When Will We Stop Planting the Seeds of Intergenerational Trauma?

We have long believed that family is the best place for a child to grow. "Common sense" derived from lived experiences formed cultural and religious attitudes about the importance of family, and they guided society a long time before we had empirical proof. But now we do.

As expected, research agrees with "common sense" in that the trauma of a child being separated from family is the single most detrimental experience of childhood. The impaired resilience in the child separated from family impacts physical and mental health, intellectual development, executive function, and ability to form healthy relationships. Recent research also shows that the trauma of the experience of separation, when it is not healed in the formative years of that first generation, is often experienced by their children, and if the suffering from the trauma is severe, it can be epigenetically transmitted to future generations. Likewise, recent research has concluded that when a mass separation of children and family has occurred, effecting a significant portion of the population, the impact is not just long, it is wide. The trauma is felt not just within the next generations of that family, but within generations of the evolution of the entire community, impairing societal resilience and well-being.


Why does it take a community so long to heal from Family Separation?"

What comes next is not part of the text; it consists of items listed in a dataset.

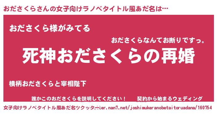 | 男性向けラノベタイトル風あだ名 | 『ノーゲーム・ノーオダサクラ』 |
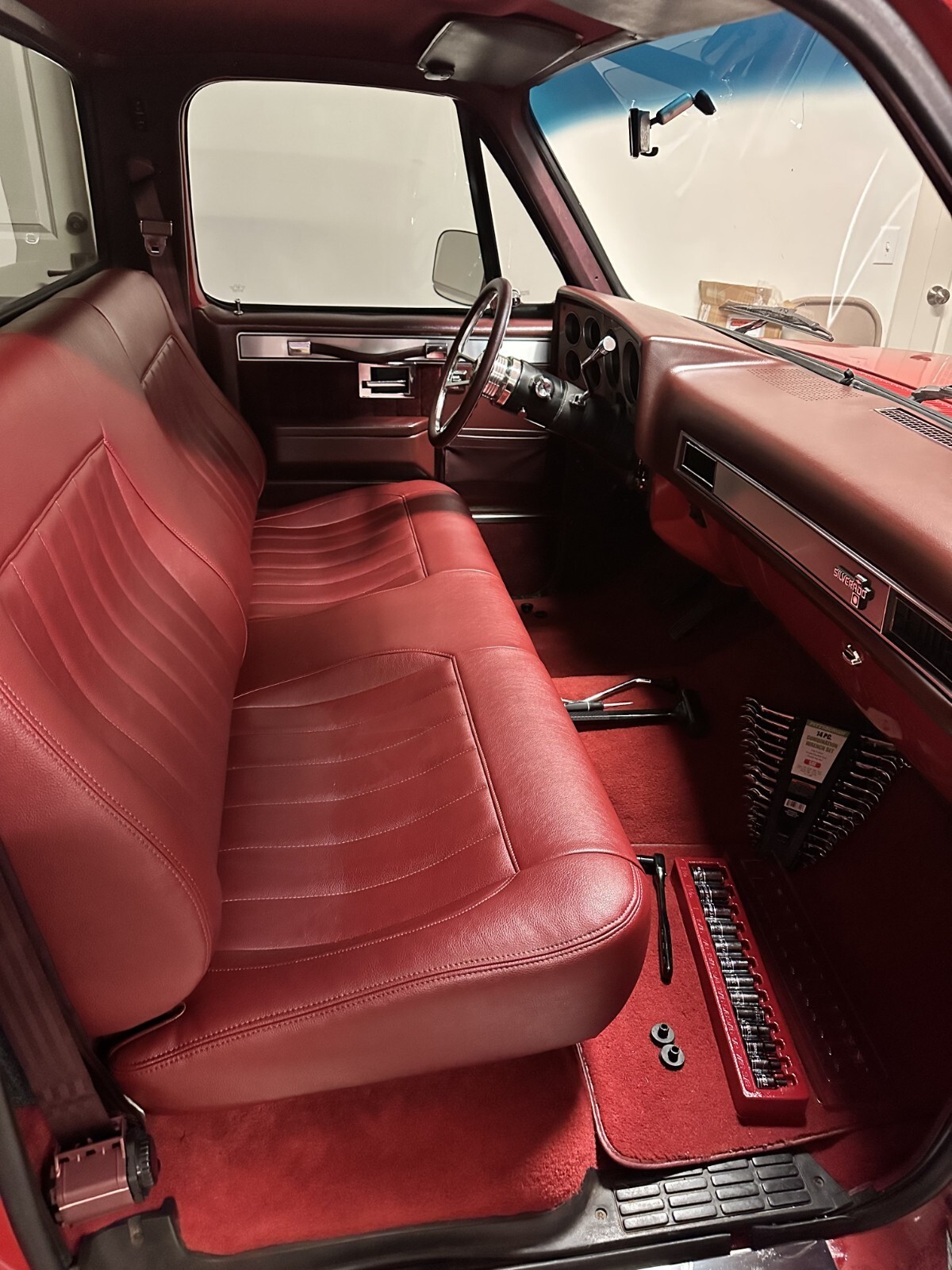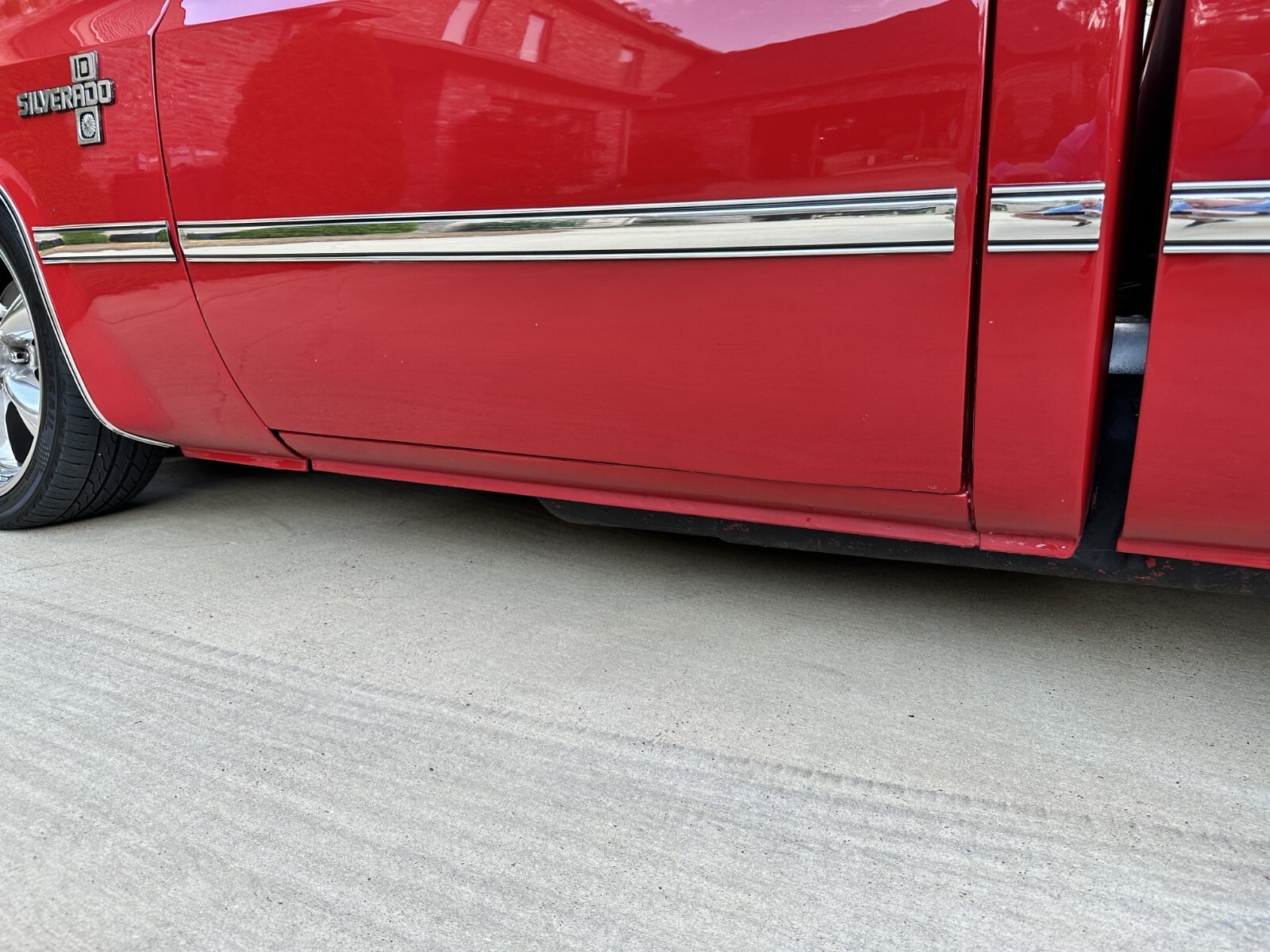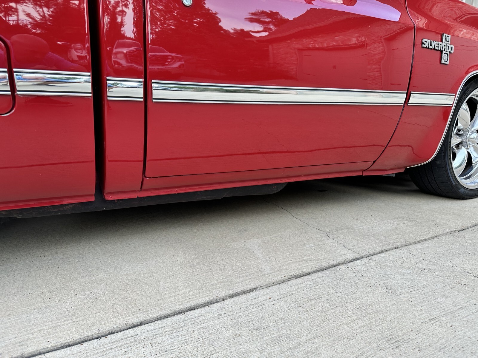 Last of the Square-Bodies! This 1987 Chevrolet Silverado R10/C10 is painted in GM Bright Red driver quality paint.Optionsinclude: red interior with red Snowden custom bench seat and cup holders, Retro Sound with Bluetooth radio, power windows, power locks, cruise control, polished steering wheel with chrome tilt lever, chrome shift lever, new carpet and carpet floor mats, glass is good condition with medium tinting, folding black vinyl bed cover with plastic bed liner, American Racing Torque 20" polished chrome 9" front and 11" inch rear wheels, new Lansing 45x20 tires, QA1 Coil-Over front suspension, professionally lowered 4" front and 6" rear. The powerplant is aGM 6.1L LS Vortex engine with "shorty" headers to include 3" welded dual exhaust pipes that turn down past rear axle and Flow-Master series 50 mufflers, with a fuel-saving GM L480 4 speed overdrive, automatic transmission. The Odometer shows 11,000 miles with 17,000 miles on engine and transmission. Drive shaft was professionally balanced to ensure smooth ride. This is a superb running truck in excellent driving condition. Full recent service so it is ready to drive and enjoy!
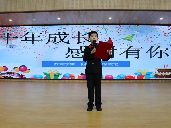 家長代表發(fā)言時,呼吁孩子們,要珍惜幸福的生活,感恩身邊的人!尊敬老師,是作為學生首先要做的事。十歲,是人生的第一個里程。十歲,是全新的起點,十歲,是邁向新臺階的第一步!
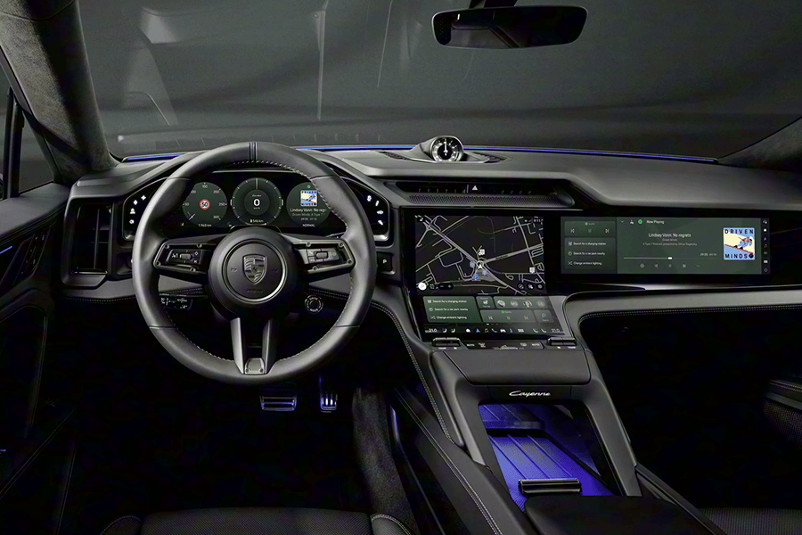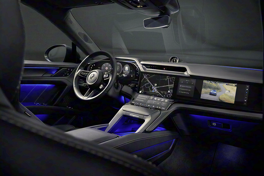 内饰方面,新车配备了14.25英寸OLED全数字仪表盘以及带有驾驶模式选择按键的三辐式多功能运动方向盘,并可选配87英寸的增强现实(AR)抬头显示系统;中控台配备了官方名为“Flow Display”流动显示屏的12.25英寸触控屏幕,该屏幕将拥有一定的弯折角度;此外,新车还可以选装14.9英寸的副驾娱乐屏,整体布局构成了全新研发的保时捷驾驶体验系统(Porsche Driver Experience)。
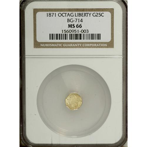 <B>1871 25C Liberty Octagonal 25 Cents, BG-714, R.3, MS66 NGC.</B></I> A highly lustrous and exquisitely preserved canary-gold example of this scarce variety. Minimally marked with pleasing detail. Census: 1 in 66, 0 finer (4/07).<BR><BR><b>Shipping:</b> Coins & Currency (<a target="_blank" href="http://www.heritageauctions.com/common/shipping.php">view shipping information</a>)
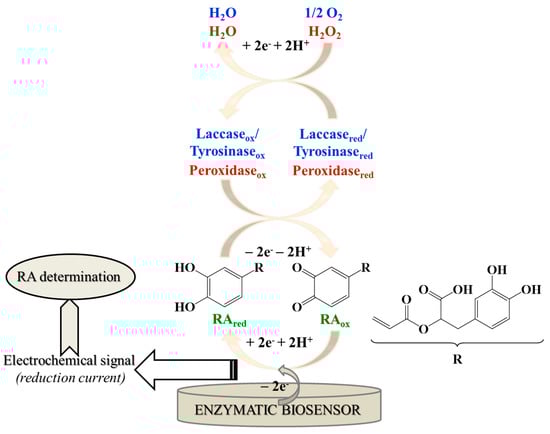 Laccases are multicopper oxidases, also named “blue” copper oxidases, widely distributed in the nature (from bacterial species to fungi and plants [67]), that catalyze the oxidation of mono–, di–, poly–phenols (including RA), amino–phenols, methoxy–phenols, aromatic amines and ascorbate, through the four-electron reduction of molecular oxygen to water [16,66,68]. Similar to laccase, tyrosinase catalyzes, in the presence of oxygen, the oxidation of the o–phenols to the corresponding o–quinone [62].
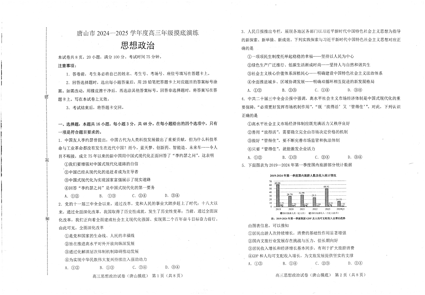 河北省唐山市2024-2025学年高三上学期摸底演练 政治
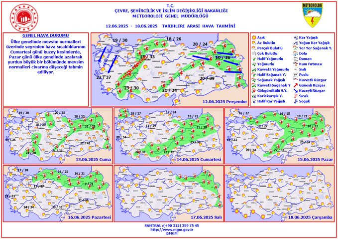 Meteoroloji Genel Müdürlüğü, 12-18 Haziran 2025 tarihleri arasındaki haftalık hava tahmin raporunu yayımladı.
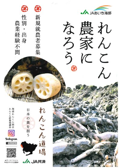 | 応募資格 | 18歳以上45歳未満で研修終了後は「れんこん生産者」として就農意志が明確な方。性別・出身・農業経験の有無は問いません。 ※運転免許必須(研修先までは車で通っていただくため) ※就農予定時の年齢が49歳以下の方は「就農準備資金」(12万5千円/月、最長2年)の申請が出来ます。(申請には条件があります。) 研修終了後は原則愛西市内で就農できる方。また、「海部れんこん組合」へ加入し、収穫物を共選出荷できる方。 |

There is a great deal of research on the trauma suffered by children in being separated from family, going back a century, and evaluating harms on multiple populations by child and family separation. Scientific studies did not occur before the science of psychology found credibility in society - and that really only happened in the last century. Recognizing the validity of the evidence of individual harm caused by pulling children away from their parents and close family began with examining the impacts of intentionally harmful and willful acts of government, and then grew to include well-meaning acts of intentional separation, and inadvertent exacerbation of accidental separations. Over time, research identified the nature of the trauma, the impact of the trauma on the person experiencing it, the transmission of the trauma to others who did not directly experience it, and the requirements for healing the trauma. Familial separation is akin to a poison ingested by the human psyche. Like any other poison, without intentional healing interventions, the trauma spreads and the impact of the injury lingers. Unsurprisingly to those of us working here at HCW, it appears that Family Reunification and Empowerment is the antidote.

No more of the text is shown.